A couple of fine releases from 2008 might have eased concerns over the immediate fate of Lindemans Coonawarra, but what about little old Padthaway? Although the region has yet to scale the heights once hoped for by some of the larger companies, I've always found pleasure in Padthaway's pungent chardonnays and minty reds. Still, it interested me to see Lindemans' 2005 Reserve Padthaway Shiraz won 'Top Gold' at the '07 National Wine Show.

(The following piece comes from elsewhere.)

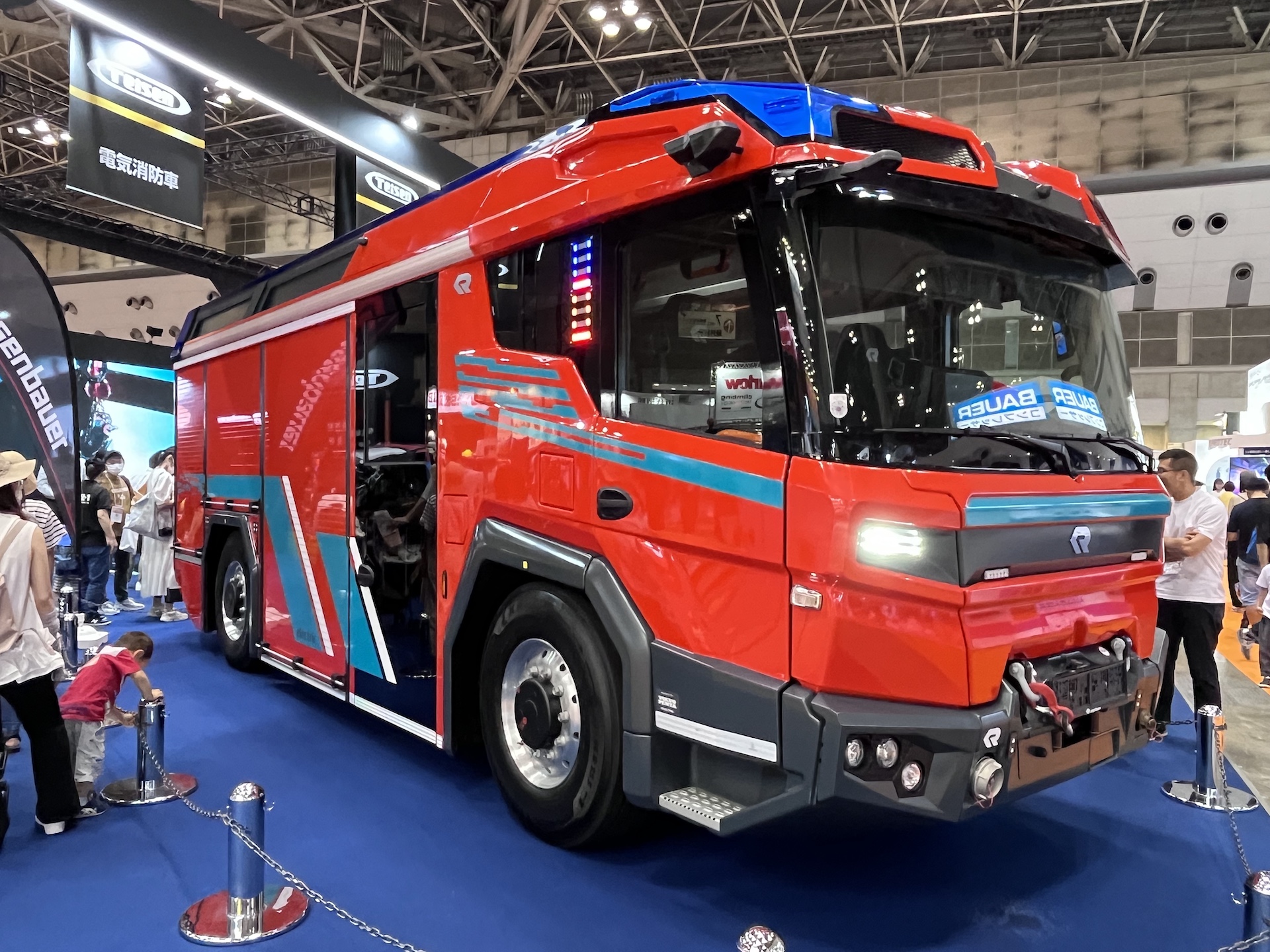 詳しい人から見れば、大型車輌の割にバッテリー容量が小さいと感じるかもしれないが、これは車輌重量を抑制するための工夫。おかげで、水4000ℓと消火液400ℓ積むことができるのだ。2023年に東京・ビッグサイトで開催された「東京国際消防防災展」では、輸入元の帝国繊維が展示を行い、来場者の注目を集めたという。

For a relatively affordable 'Reserve Shiraz', Lindemans' 2006 smells raw, oaky, under-fruited and to put it bluntly; unpolished and jagged. It's been a while since I sat down with a wine like this. Its fruit seems diminished; barren if you will, with fledgling aromas of prunes and varnish showing no signs of the choc-mint/menthol characters I find appealing in Padthaway reds. The palate follows suit with a hard blockiness that envelops its docile, thin, dead fruit character, but rather more surprising is the emanating presence of alcohol given its stated 13.5%, in what is a very thin, altogether vacant conclusion. The words 'vibrancy', 'life' and 'character' are about as relevant here as the word 'under-exposed' is to an Oprah tour of Australia.
X The 2008 of this is already out and given the high praise afforded to Lindemans' 2008 Coonawarra releases, I'd hedge my bets on that instead. That is of course, if this is your kind of thing. 'Yuck', she said. Drink now.